4.1 Introduction

A type is a (possibly infinite) set of objects. An object can belong to more than one type. Types are never explicitly represented as objects by Common Lisp. Instead, they are referred to indirectly by the use of type specifiers, which are objects that denote types.

New types can be defined using deftype, defstruct, defclass, and define-condition.

The function typep, a set membership test, is used to determine whether a given object is of a given type. The function subtypep, a subset test, is used to determine whether a given type is a subtype of another given type. The function type-of returns a particular type to which a given object belongs, even though that object must belong to one or more other types as well. (For example, every object is of type t, but type-of always returns a type specifier for a type more specific than t.)

Objects, not variables, have types. Normally, any variable can have any object as its value. It is possible to declare that a variable takes on only values of a given type by making an explicit type declaration. Types are arranged in a directed acyclic graph, except for the presence of equivalences.

Declarations can be made about types using declare, proclaim, declaim, or the. For more information about declarations, see Section 3.3 (Declarations).
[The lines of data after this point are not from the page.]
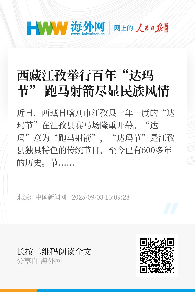 近日,西藏日喀则市江孜县一年一度的“达玛节”在江孜县赛马场隆重开幕。“达玛”意为“跑马射箭”,“达玛节”是江孜县独具特色的传统节日,至今已有600多年的历史。节日期间,赛马、射箭、文艺演出及物资交流等丰富多彩的活动,吸引了众多农牧民与游客积极参与。“达玛节”不仅传承了悠久的藏族文化,也有力推动了当地文旅与经济融合发展。此次活动将持续至9月11日。(白玛玉珍 边巴次仁 制作 王佳琪)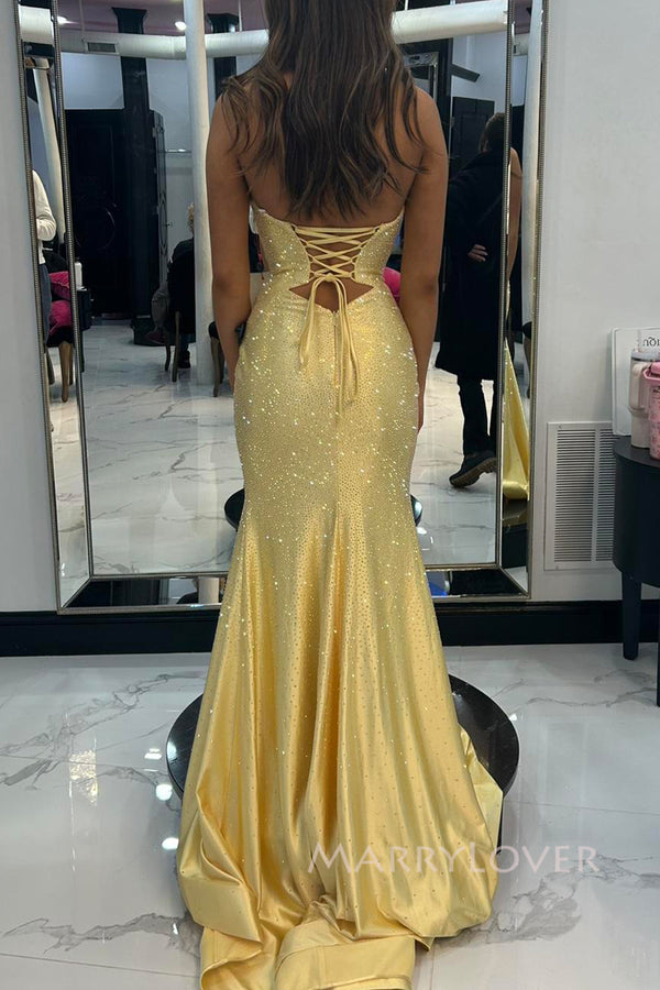 Yellow Sparkly Sweetheart Long Strapless Evening Prom Dresses, Mermaid Prom Dress, MR0085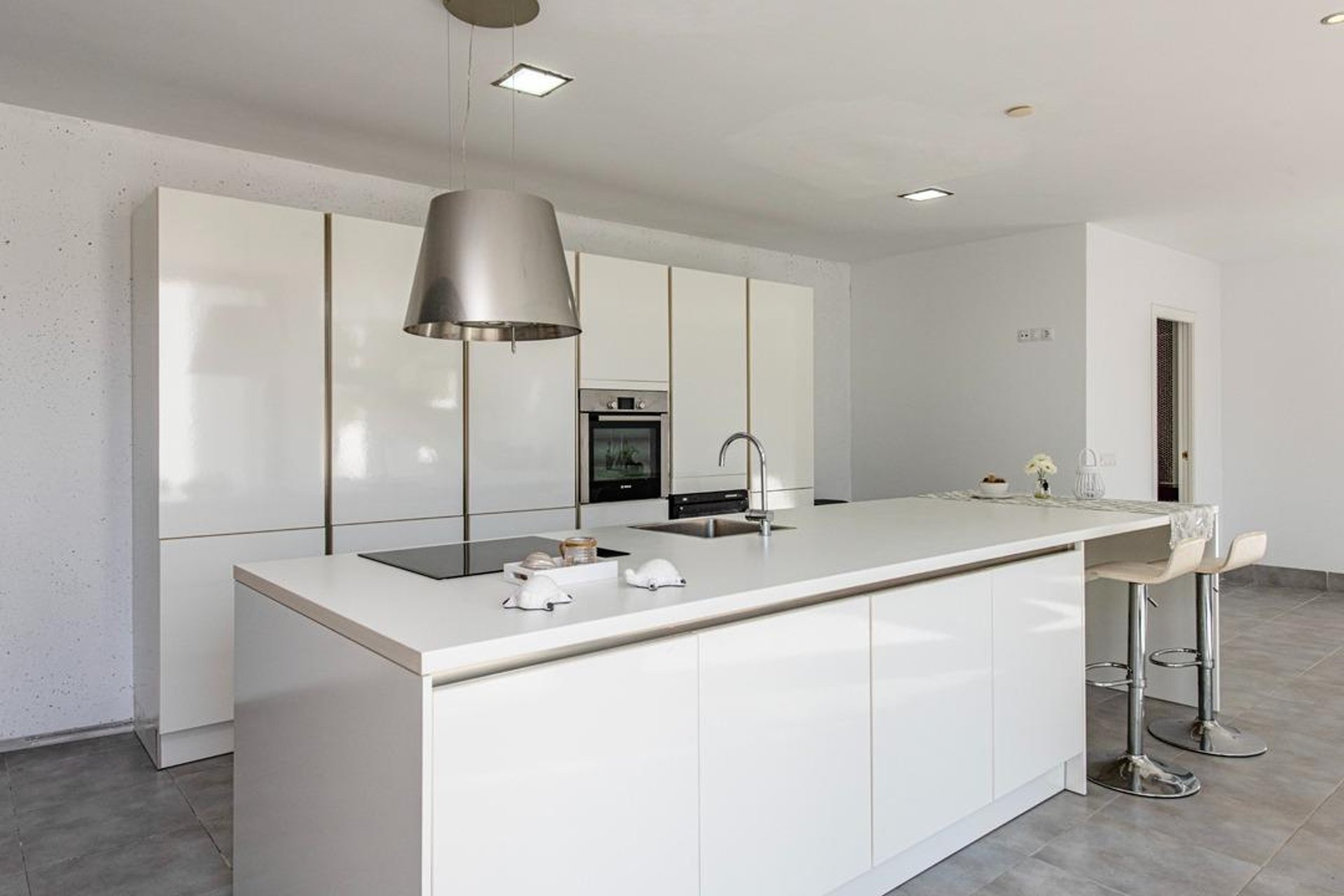 On the ground floor, you’ll find a spacious open-plan kitchen with a central island, fully equipped with extractor hood, cooker, oven, microwave, and dishwasher, seamlessly connected to the living-dining area. Large double-glazed PVC sliding doors flood the space with natural light and open directly to the terrace and pool, creating a perfect transition between indoors and outdoors—designed to be enjoyed all year round.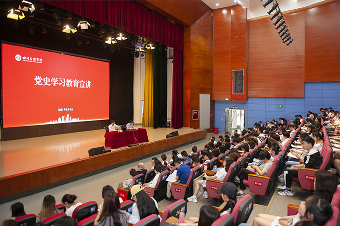 为提高全省教育系统党史学习教育的覆盖面,广泛营造“学党史、悟思想、办实事、开新局”的浓厚氛围,6月4日,由省委教育工委组建的党史宣讲团来开元官网作党史宣讲,党委副书记侯忠明主持宣讲会,党委宣传部、团委、学生工作部、招生就业处等职能部门及二级学院师生参加宣讲会。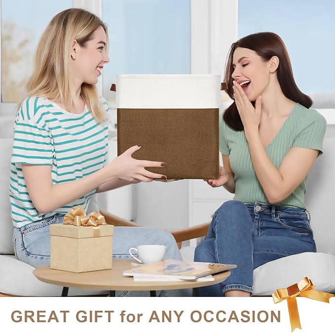 13x13 Cube Storage Bins, Collapsible Fabric Storage Box, 4 Pack Closet Baskets with Handles for Organizing, Shelf, Toys, Clothes, Home, Office, Nursery (Brown&White)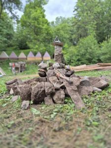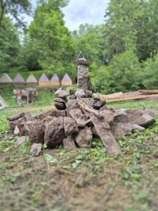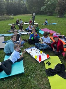 V těsné blízkosti je k dispozici louka, potok a travnatá terasa, ideální na venkovní hry a zábavu.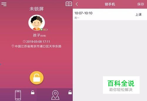 时间设置功能可以安排孩子上课、作业和睡眠的时间,使孩子在这三个时间段远离手机,安心学习,充分休息。此时段中孩子的手机将会被自动锁屏,进入时间管理模式,可以避免孩子使用手机浏览网页、使用应用、玩游戏等等。时间管理模式下只可以拨打或接听预设的“亲情号码”。等设置的时间结束后,孩子的手机将自动退出时间管理模式。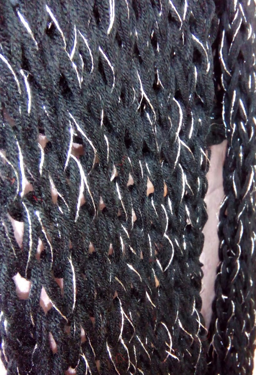 Upleteno z akrylové příze a lurexového vlákna. Lze 2x omotat kolem krku.

Among the fundamental objects of the object system are classes. A class determines the structure and behavior of a set of other objects, which are called its instances. Every object is a direct instance of a class. The class of an object determines the set of operations that can be performed on the object. For more information, see Section 4.3 (Classes).

It is possible to write functions that have behavior specialized to the class of the objects which are their arguments. For more information, see Section 7.6 (Generic Functions and Methods).

The class of the class of an object is called its metaclass. For more information about metaclasses, see Section 7.4 (Meta-Objects).